# Dyncorp in Riyadh Saudi Arabia



## fpg68j2p (Mar 27, 2016)

I previously worked 2 contracts in King Khalid Military City (Hafar Al Batin) 1990-1993, for Sikosky International Products Inc and McDonald Douglas Helicopter Services. Worked on Royal Saudi Land Forces Aviation Command Helicopters, 
Bell Combat Scout and AH-64 Apache. Retiring from military in Sept 2016 and am looking to go back to Saudi and try to work for Dyncorp in Riyadh. As I understand it now Dyncorp has the contract and is doing aircraft maintenance in Riyadh. Does anyone work for Dyncorp in Riyadh or does anyone have any insight? Much appreciated. I am aware of the Dyncorp job site and plan on applying for job in August time frame. I am Apache helicopter and Armament mechanic.


----------



## Stevesolar (Dec 21, 2012)

fpg68j2p said:


> I previously worked 2 contracts in King Khalid Military City (Hafar Al Batin) 1990-1993, for Sikosky International Products Inc and McDonald Douglas Helicopter Services. Worked on Royal Saudi Land Forces Aviation Command Helicopters,
> Bell Combat Scout and AH-64 Apache. Retiring from military in Sept 2016 and am looking to go back to Saudi and try to work for Dyncorp in Riyadh. As I understand it now Dyncorp has the contract and is doing aircraft maintenance in Riyadh. Does anyone work for Dyncorp in Riyadh or does anyone have any insight? Much appreciated. I am aware of the Dyncorp job site and plan on applying for job in August time frame. I am Apache helicopter and Armament mechanic.


Hi,
Have you considered working in the UAE - rather than Saudi?
Cheers
Steve


----------



## fpg68j2p (Mar 27, 2016)

Yes, but I believe they have the "D" model Apache and my expertise is on the "A" model variant. I will keep my options open though and thanks


----------



## yakc130 (Apr 27, 2012)

Which branch of the Saudi military would you be working with?


----------



## fpg68j2p (Mar 27, 2016)

It would be the Royal Saudi Land Forces Army Aviation Command ( RSLFAAC)


----------



## yakc130 (Apr 27, 2012)

Ah, okay. I was working for SANG Health Affairs for the last five years, and am more familiar with their new helibase and airfield. I have friends working for Dyncorp who are doing RSAF stuff. 
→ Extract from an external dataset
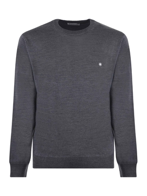 Maglia Manuel Ritz in lana Grigio scuro. Girocollo. Manica lunga. Polsi e fondo a costine. Logo ricamato davanti.100% lana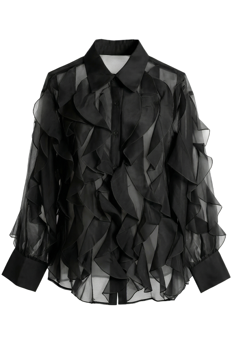 Pearl Ruffle bluza donosi spoj elegancije, umjetničkog dizajna i profinjenog sjaja. Izrađena od laganog, blago sjajnog materijala, ova košulja osvaja već na prvi pogled — no najveći naglasak nose dramatični višeslojni rukavi koji stvaraju efekt bisernih volana i pružaju raskošan, couture dojam. Dizajnirana za žene koje obožavaju izraziti svoj stil, Pearl Ruffle je istovremeno glamurozna i nosiva. Savršena je za svečane kombinacije, večernje izlaske, poslovne evente ili trenutke kada želiš izgledati posebno bez pretjeranog truda. Blago oversized kroj i elegantna silueta čine je udobnom i fluidnom, dok biserni gumbi dodaju završni luksuzni pečat. U kombinaciji s elegantnim hlačama, suknjom visokog struka ili minimalističkim nakitom, ova košulja pretvara svaku odjevnu kombinaciju u modnu izjavu.

I will try and send you a PM. I think that once you get up to six posts, you will be able to send a PM back to me. If nothing is in your PM box, try making a few more posts so that you can receive them.


----------



## yakc130 (Apr 27, 2012)

Doesn't look like I can send you a PM, yet.


----------



## fpg68j2p (Mar 27, 2016)

Ok thanks alot I appreciate it; will do some more posts so I can PM


----------